Zoe Baird, Pres. Clinton’s first nominee for Attorney General

Tempest in a teapot: Zoe Baird, Clinton’s first nominee for Attorney General, drug over the coals for similarly employing an “undocumented” nanny. Apparently there was a dragnet for “undocumented” nannies at the time. More partisan dippiness.

Were there other episodes in theatrical grandstanding, and are we likely to experience more? Probably. Our press and partisan inquisitors are more interested in chasing down the employment records of nannies, maids, and gardeners, while culling divorce records and chasing down chance encounters during years of service in the public eye, than a mature examination of a person for their policy preferences. Ideological biases will have a greater impact on whether a citizen can even operate a wedding cake business.

Macbeth murders King Duncan and takes the Scottish throne.

To borrow from Macbeth: “It is a tale told by an idiot, full of sound and fury, signifying nothing.”

RogerG

Emperor Worship for Presidents?

The following was a response to an article by Kevin D. Williamson in National Review Online, “Abolish President’s Day”,  http://www.nationalreview.com/article/445013/presidents-day-imperial-cult

KDW, interesting idea about abolishing President’s Day – one that I find intriguing. Electing a president, as popularly viewed, has nearly become an exercise in choosing our next 4-year emperor. Most risible is the infantile incantations about him (or her, but we haven’t had one yet) as the “leader of the economy” and “leader of the people”, a grand vizier, or caliph, of all living souls within the country.

We even have our own Roman Forum in the form of the Washington Mall.
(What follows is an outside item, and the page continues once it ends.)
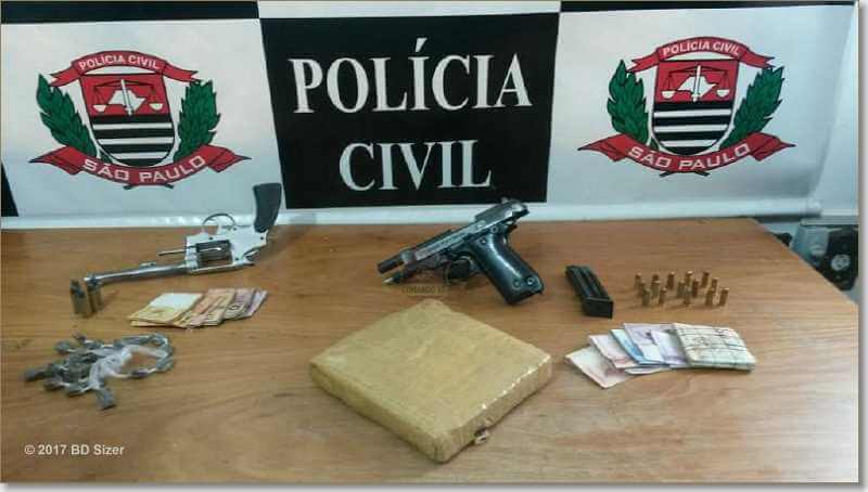 Fora presos por porte ilegal de arma de fogo Fabrício Alves, de 18 anos e Alisson Dolara Junior, 19 nos, prisão esta realizada pelo delegado da Delegacia de Investigações Gerais (DIG) . Todos estes foram autuados em flagrante. Os homens foram recolhidos ao Centro de Triagem e a mulher à Cadeia Feminina de Ribeirão Bonito. O menor foi entregue para a família.

The Lincoln Memorial is as close to a functioning temple as one can possibly get, with its gargantuan Athena-like statue. Still missing, though, are the vestial virgins and temple priests.

Artists rendering of the Roman Forum
The National Mall, Washington, D.C., looking west.

Watch that space for raising Obama to the godhead.

Are we morphing from a self-governing citizenry into adolescent dependencies of a father-god? Even more profound, are we now the kind of people who desire persons to worship since the traditional object of veneration is held in disrepute by the fashionable currents of lifestyle progressivism? The gigantic and ostentatious has replaced the humility and modesty more appropriate for a republic.